After some initial patching up of Theme 5 the third day of the San Diego sessions, it was possible to record several of the themes in familial layers: woodwinds, brass, percussion, and strings. In addition to these horizontal "slices", the core elements of all themes, and all of the subsections of some were recorded as separate units, so that, both with the computer transformations and in psychological experiments, it would not be necessary to artificially create beginnings and endings editorially. Each instrument was individually close-miked and placed on its own track, so that balances could later be adjusted. In addition, baffles were placed between each of the instrumental sections in order to maximize separation, and reduce cross-talk between the sections.

Recordings of the piano versions of the themes were easily accomplished with the exception of Other. The technical difficulties mentioned above proved too formidable at anything close to the tempo I had originally intended. Yet, the overall effect of the section was so persuasive that I decided it should be recorded at a slower speed, that I would face the consequences of this change at a later time (see RECONSIDERATIONS, below).

Other portions of this publication will detail the purposes to which the psychologists put these initial recordings.

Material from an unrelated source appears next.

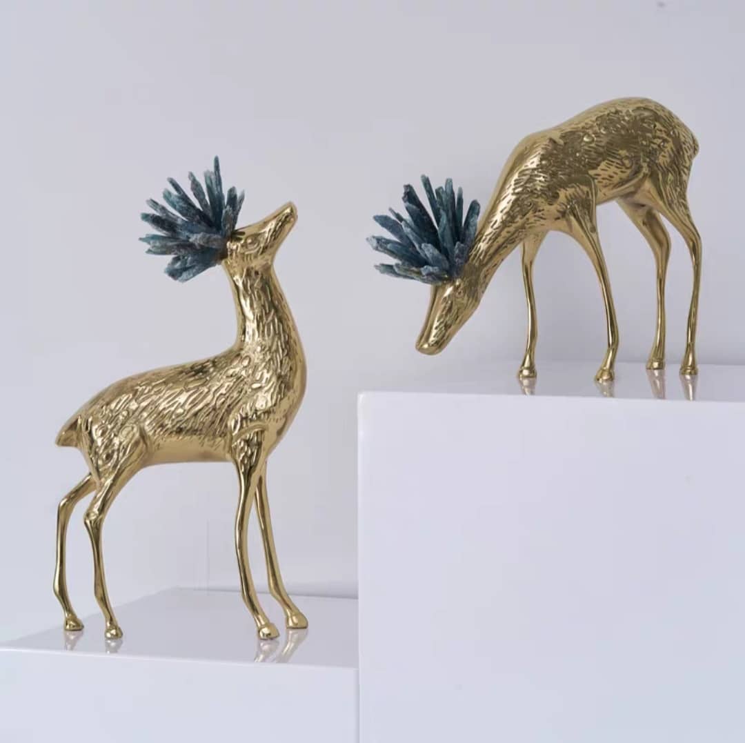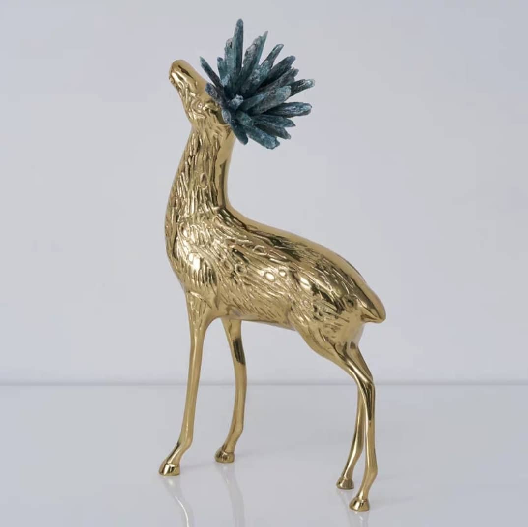 Милые оленята из латуни, увенчанные роскошными кристаллами горного хрусталя и кианита – очень любимыми людьми минералами, которые обладают многочисленными полезными свойствами.

More than a year passed from the time they were made until I began actual work on the full score. During that period, there was extensive testing that focused upon the degree to which the themes were heard as distinctive and independent from one another. But there was another crucial purpose in making both the ensemble and the piano recordings (The latter were made in the Espace de Projection at Ircam.) They later served (see THE COMPUTER PART below) as the raw materials on which the computer aspect of this work was based. In some instances, the total, massed ensemble recordings were used, but in others (e.g., D10) it proved valuable to have the recordings of individual sectional layers with which to work. The processes used in digital transformations will be discussed below.